Combat Outpost Keating is best known as the site of the Battle of Kamdesh, which occurred on October 3, 2009; the base was nearly overrun, and eight Americans and four Afghan defenders were killed. Two Americans, Staff Sergeant Clinton Romesha and Specialist Ty Carter were awarded the Medal of Honor for their actions in defending the base.

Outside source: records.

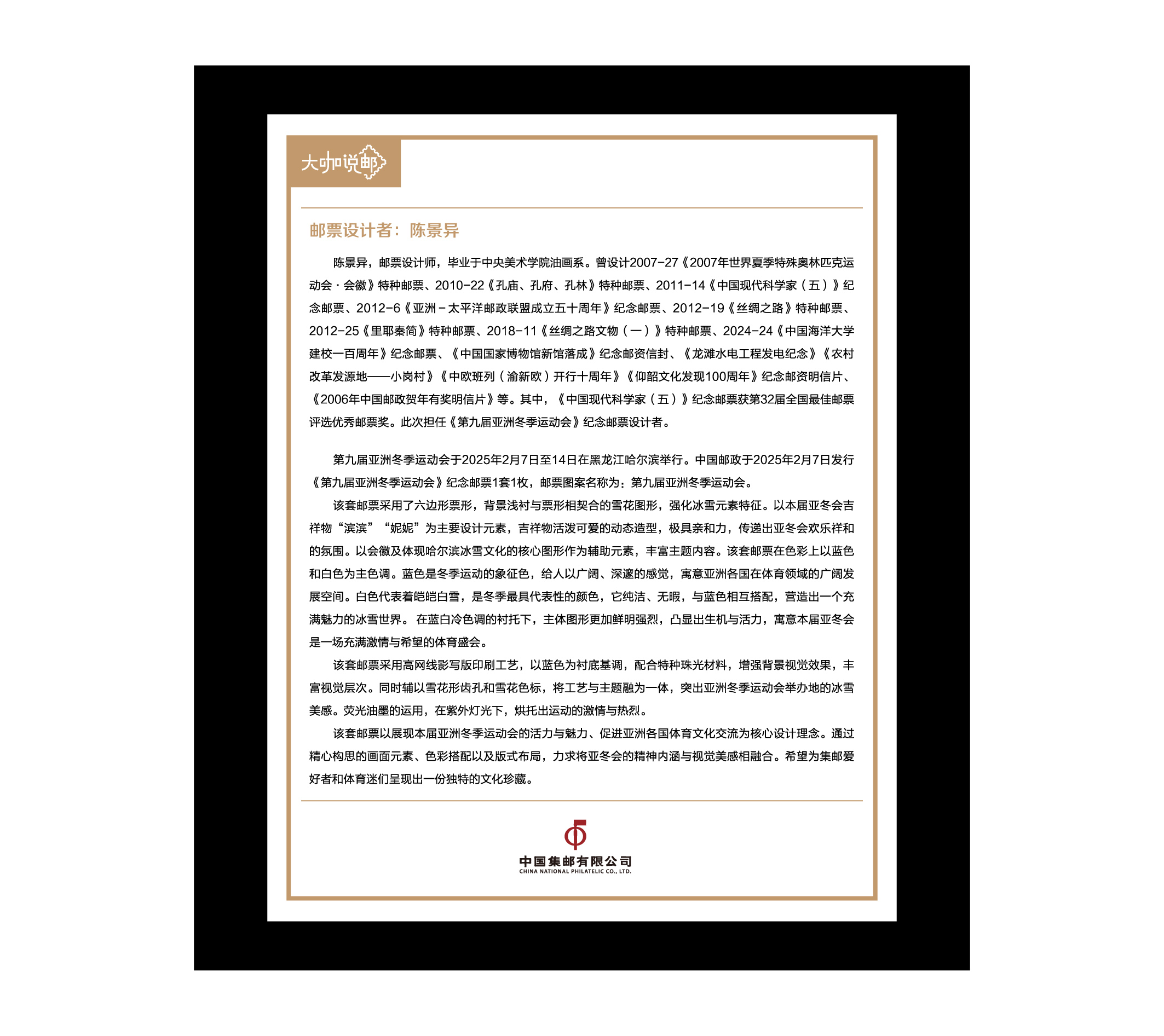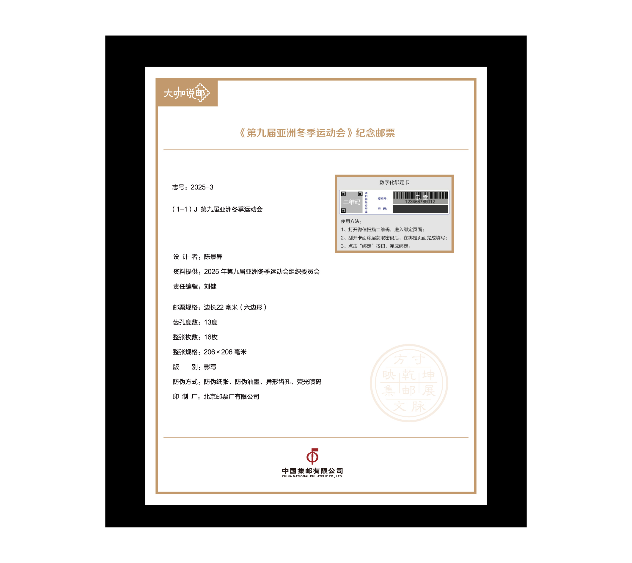 中国集邮有限公司于2025年6月30日发行《第九届亚洲冬季运动会》整版票珍藏(大咖说邮系列)。
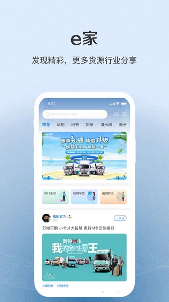 福田e家是一款由福田汽车官方开发的汽车服务软件,功能强大又方便实用。它不仅有车联网功能,还能提供二手车评估、车辆维修预约、救援服务、洗车美容等全方位服务,让车主省心又省钱。界面设计简洁明了,操作起来也很顺畅,基本上一点就能找到自己需要的功能。
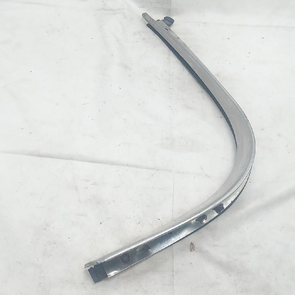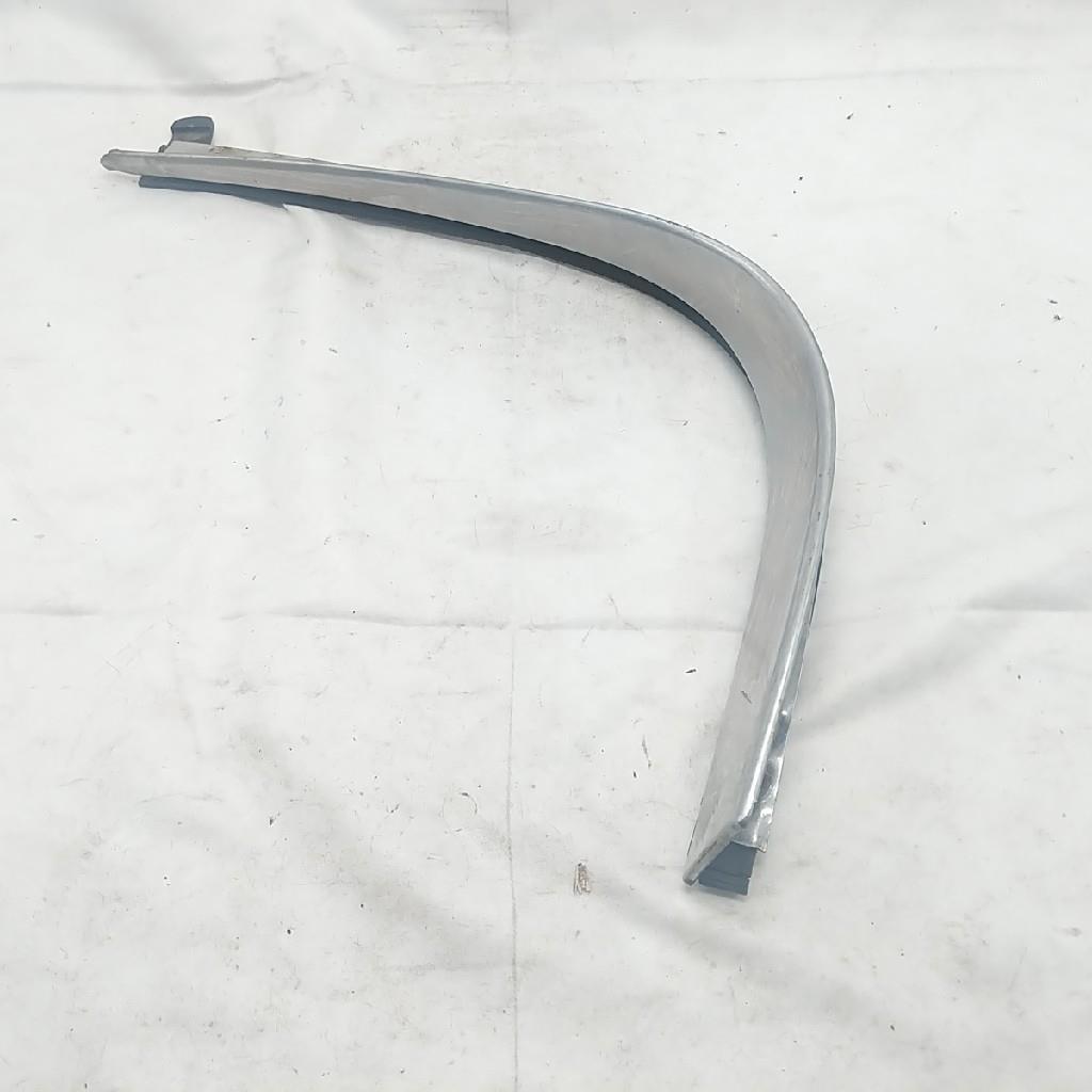The product is a vintage Pontiac 1969-72 Grand Prix left rear quarter window exterior stainless trim, made by GM in the United States. This silver trim features a glossy finish and easy installation with a clip-on attachment type, requiring no drilling. With a length of approximately 11", this quarter panel trim is designed specifically for the rear, left side of the vehicle, providing a classic and stylish look for restoration projects or custom modifications.
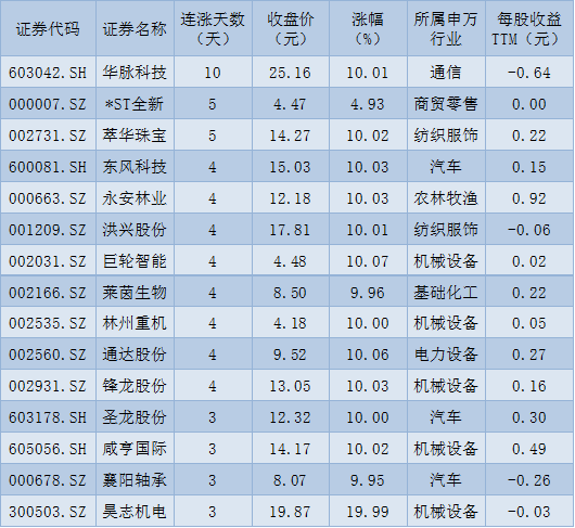 表:連續(xù)上漲3日且今日收盤漲停股一覽
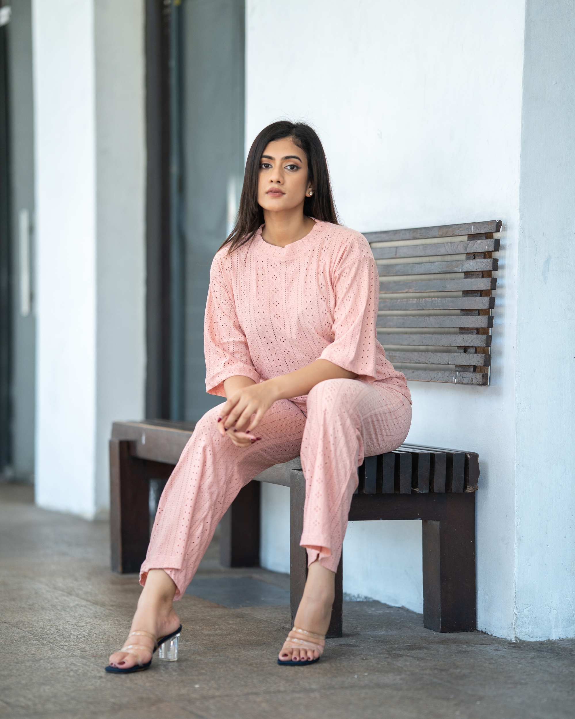 Soft, sweet, and effortlessly chic this blush pink co-ord set is your new go-to for comfy glam. Crafted with delicate eyelet fabric and a relaxed fit, it’s perfect for brunch dates, errands, or lounging in style. Wear together or mix and match either way, you're serving looks.

The American soldiers killed in the battle were:
- SSG Justin T. Gallegos (Tucson, Arizona), aged 27
- SGT Christopher Griffin (Kincheloe, Michigan), aged 24
- PFC Kevin C. Thomson (Reno, Nevada), aged 21
- SGT Michael P. Scusa (Villas, New Jersey), aged 22
- SSG Vernon W. Martin (Savannah, Georgia), aged 25
- SPC Stephan L. Mace (Lovettsville, Virginia), aged 21
- SGT Joshua J. Kirk (South Portland, Maine), aged 30
- SGT Joshua M. Hardt (Applegate, California), aged 24

The base was abandoned and bombed by an American B-1 bomber on the night of October 6. A day after, on October 7, Taliban fighters were seen among the ruins of the outpost. According to army records, the Taliban commander of the attack on Keating, Abdul Rahman Mustaghni, was killed by the following drone strike, along with thirteen other insurgents.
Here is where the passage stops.